Excerpts from a dataset
-=-=-

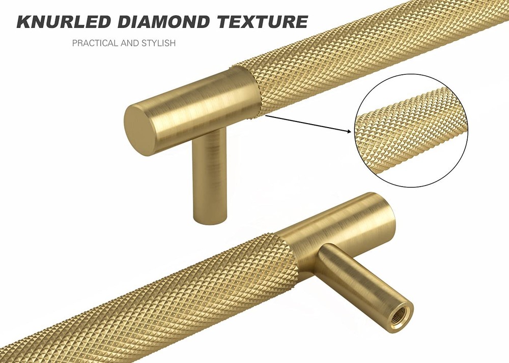 ✓ Solid Construction :These pulls are made of heavy solid brass material with a great substantial feel and weight to it,definitely won’t break off easily,sturdy and durable for daily use on heavy drawers.These cabinet pulls are beautifully machined in brushed gold.These kitchen cabinet pulls provide a great upgrade for your furniture both in terms of heavy brass material/color and design,adds a warm , personal touch to your home. ✓ Perfect Brass Color:These are beautiful and the perfect amount of brass to compliment a few brass accessories in the room, the brushed finish soften the gold,these are not loud gold ,adds a real elegance to the kitchen cabinets without standing out too much.The handles looks great either horizontal or vertical, these are very flexible to install. ✓ Specification:Center to Center: 5 inch(128mm);Overall Length:6-5/8inch(168mm) ;Height:1-3/8 inch(34mm).There are plenty of space under the pull to put your fingers and get a comfortable fit for your hands when used.These are heavy duty brass pulls with great sturdy quality,work well for heavier cabinet drawer.These brass pulls are individually wrapped to protect these drawer pulls from nicks and scratches,ensure arriving in a good condition. ✓ Beautiful Knurled Design: The diamond pattern finish on the center of the brass pulls,it features a knurled diamond texture and a modern brush finish,adds visual impact to any piece of furniture.These brass pulls Looks much more custom than the generic handles.The drawer pulls are practical and stylish,perfectly decorate your drawer with a sleek modern look.These knurled pulls will elevate the look of your furniture to the next level once installed. ✓ Quick Install:These brass pulls come with good quality metric screws for easy installation. There are 2 sets of M4 Metric size mounting screws come with the handles ,8Pcs M4 x 25mm(1 inch)long screws and 8Pcs M4 x 40mm(1-9/16 inch) long screws to facilitate a variety of installation scenarios You can install them within minutes.It's a good cabinet pull for the old one.
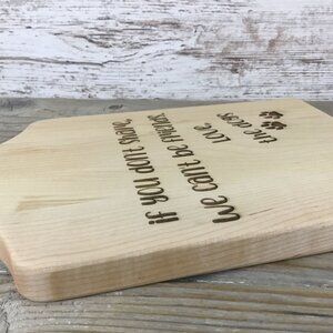 This handcrafted maple cutting board measures 13.5" x 7" x 0.5" and features a convenient paddle shape with a drip ring for functional use. The back is laser engraved with a playful message: “If you don't share we can't be friends. Love, The dogs” accompanied by two adorable pawprints. Because the engraving is on the back, you can use the front for everyday prep without affecting the design. A thoughtful gift for dog lovers or a charming addition to your own kitchen.
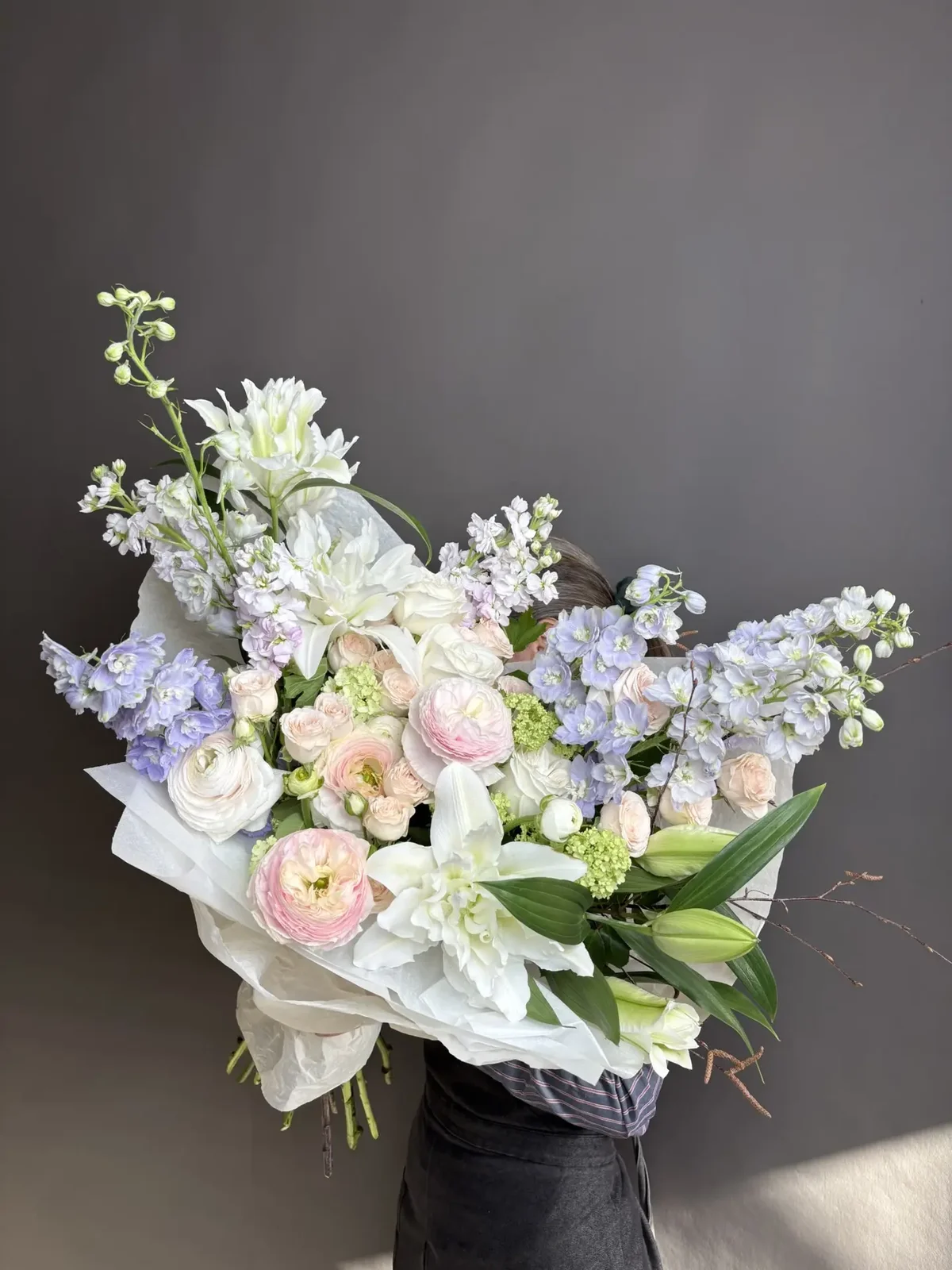 Авторский букет с дельфиниумом и ранункулюсами
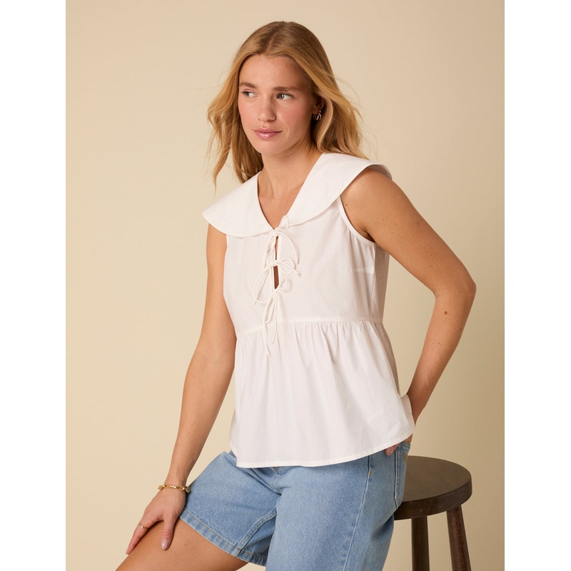 The blouse your wardrobes been waiting for. In classic white, our blouse features a statement collar and pretty trio of ties, we love the slightly peplum hem too. V-neck String tie detail Elasticated waist for comfort Size tip: we recommend your usual size
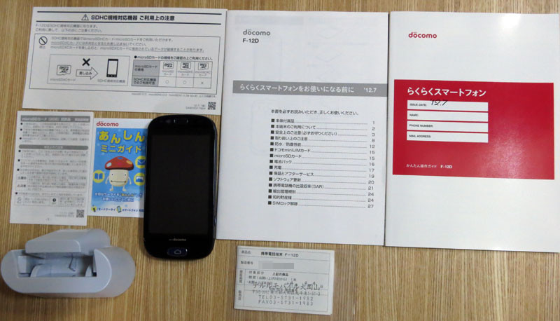 今回は、らくらくスマートフォン F-12Dのパッケージや配布物について紹介しました。次回は内部ソフトウエアについて紹介していきますのでお楽しみに。
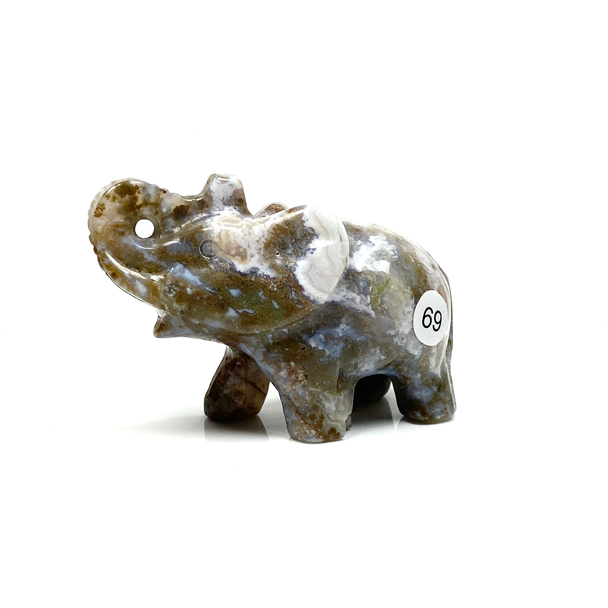 Crystal Carving Animal Moss Agate Elephant Sculpture
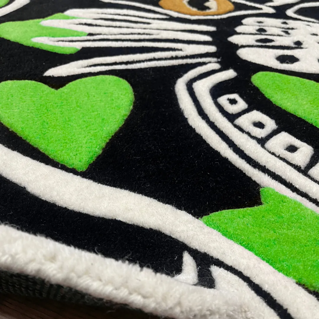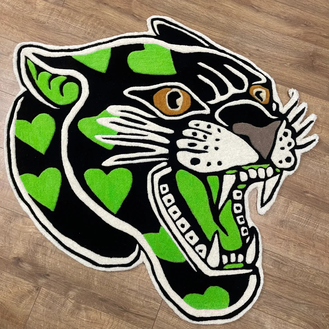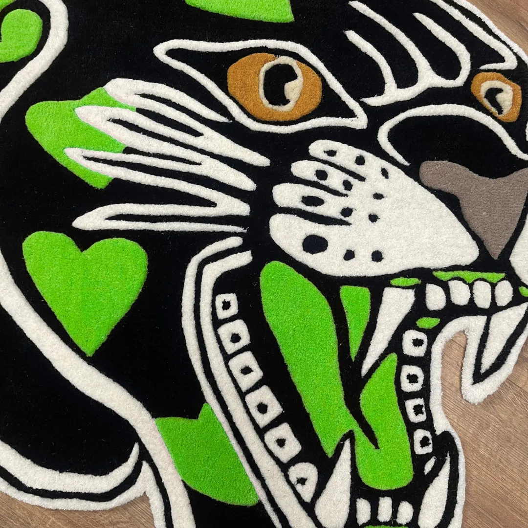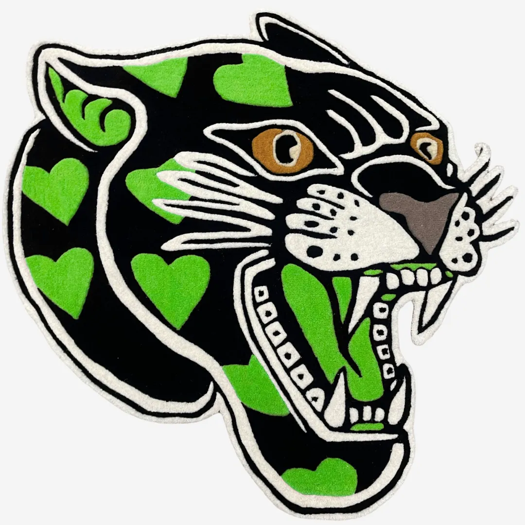This Green Panther Head rug is inspired by traditional tattoo art. This design features a custom-shaped panther head rug with black background and green heart patterns, featuring fierce teeth and golden eyes in a tattoo-inspired design. It’s hand-tufted by Skilled artisans using premium organic wool. Love this tattoo design. Check out our traditional tattoo rug collection for more.Key Features of the Green Panther Heart Rug
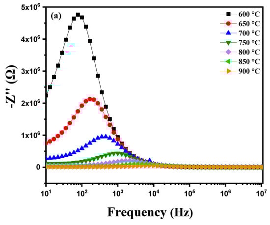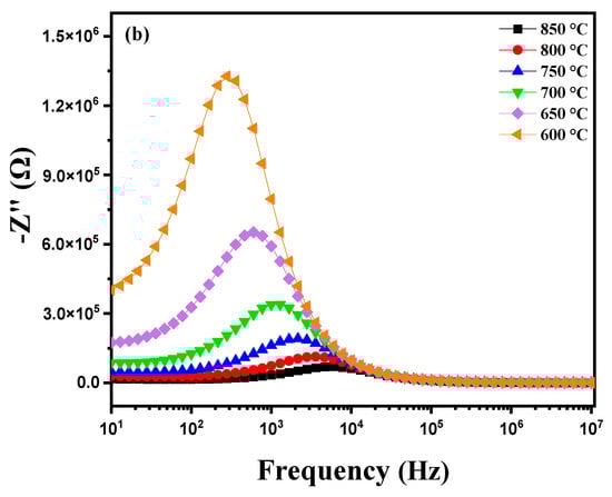 Diagram of the variation in the imaginary part of impedance (Z″) as a function of frequency: (a) heating curve from 600 °C to 900 °C and (b) cooling curve from 850 °C to 600 °C for modified marl.
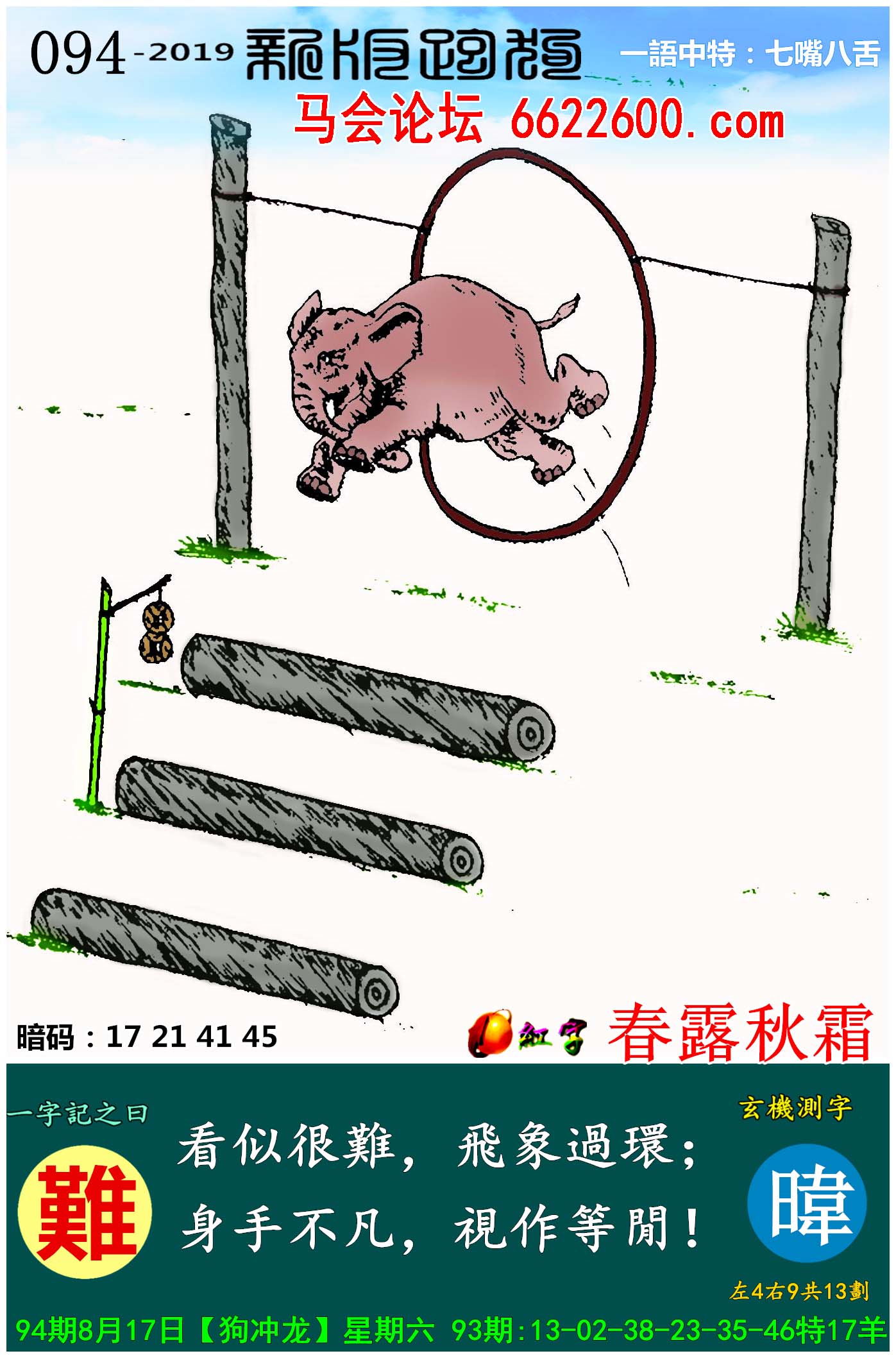 主题 : 094期:新版跑狗一字記之曰【難】玄機測字:《暐》

-=-=-

:: EXERCISE ::
Without the images, output all the entries exactly as they stand.

:: EXERCISE ANSWER ::
 ✓ Solid Construction :These pulls are made of heavy solid brass material with a great substantial feel and weight to it,definitely won’t break off easily,sturdy and durable for daily use on heavy drawers.These cabinet pulls are beautifully machined in brushed gold.These kitchen cabinet pulls provide a great upgrade for your furniture both in terms of heavy brass material/color and design,adds a warm , personal touch to your home. ✓ Perfect Brass Color:These are beautiful and the perfect amount of brass to compliment a few brass accessories in the room, the brushed finish soften the gold,these are not loud gold ,adds a real elegance to the kitchen cabinets without standing out too much.The handles looks great either horizontal or vertical, these are very flexible to install. ✓ Specification:Center to Center: 5 inch(128mm);Overall Length:6-5/8inch(168mm) ;Height:1-3/8 inch(34mm).There are plenty of space under the pull to put your fingers and get a comfortable fit for your hands when used.These are heavy duty brass pulls with great sturdy quality,work well for heavier cabinet drawer.These brass pulls are individually wrapped to protect these drawer pulls from nicks and scratches,ensure arriving in a good condition. ✓ Beautiful Knurled Design: The diamond pattern finish on the center of the brass pulls,it features a knurled diamond texture and a modern brush finish,adds visual impact to any piece of furniture.These brass pulls Looks much more custom than the generic handles.The drawer pulls are practical and stylish,perfectly decorate your drawer with a sleek modern look.These knurled pulls will elevate the look of your furniture to the next level once installed. ✓ Quick Install:These brass pulls come with good quality metric screws for easy installation. There are 2 sets of M4 Metric size mounting screws come with the handles ,8Pcs M4 x 25mm(1 inch)long screws and 8Pcs M4 x 40mm(1-9/16 inch) long screws to facilitate a variety of installation scenarios You can install them within minutes.It's a good cabinet pull for the old one.
 This handcrafted maple cutting board measures 13.5" x 7" x 0.5" and features a convenient paddle shape with a drip ring for functional use. The back is laser engraved with a playful message: “If you don't share we can't be friends. Love, The dogs” accompanied by two adorable pawprints. Because the engraving is on the back, you can use the front for everyday prep without affecting the design. A thoughtful gift for dog lovers or a charming addition to your own kitchen.
 Авторский букет с дельфиниумом и ранункулюсами
 The blouse your wardrobes been waiting for. In classic white, our blouse features a statement collar and pretty trio of ties, we love the slightly peplum hem too. V-neck String tie detail Elasticated waist for comfort Size tip: we recommend your usual size
 今回は、らくらくスマートフォン F-12Dのパッケージや配布物について紹介しました。次回は内部ソフトウエアについて紹介していきますのでお楽しみに。
 Crystal Carving Animal Moss Agate Elephant Sculpture
This Green Panther Head rug is inspired by traditional tattoo art. This design features a custom-shaped panther head rug with black background and green heart patterns, featuring fierce teeth and golden eyes in a tattoo-inspired design. It’s hand-tufted by Skilled artisans using premium organic wool. Love this tattoo design. Check out our traditional tattoo rug collection for more.Key Features of the Green Panther Heart Rug
 Diagram of the variation in the imaginary part of impedance (Z″) as a function of frequency: (a) heating curve from 600 °C to 900 °C and (b) cooling curve from 850 °C to 600 °C for modified marl.
 主题 : 094期:新版跑狗一字記之曰【難】玄機測字:《暐》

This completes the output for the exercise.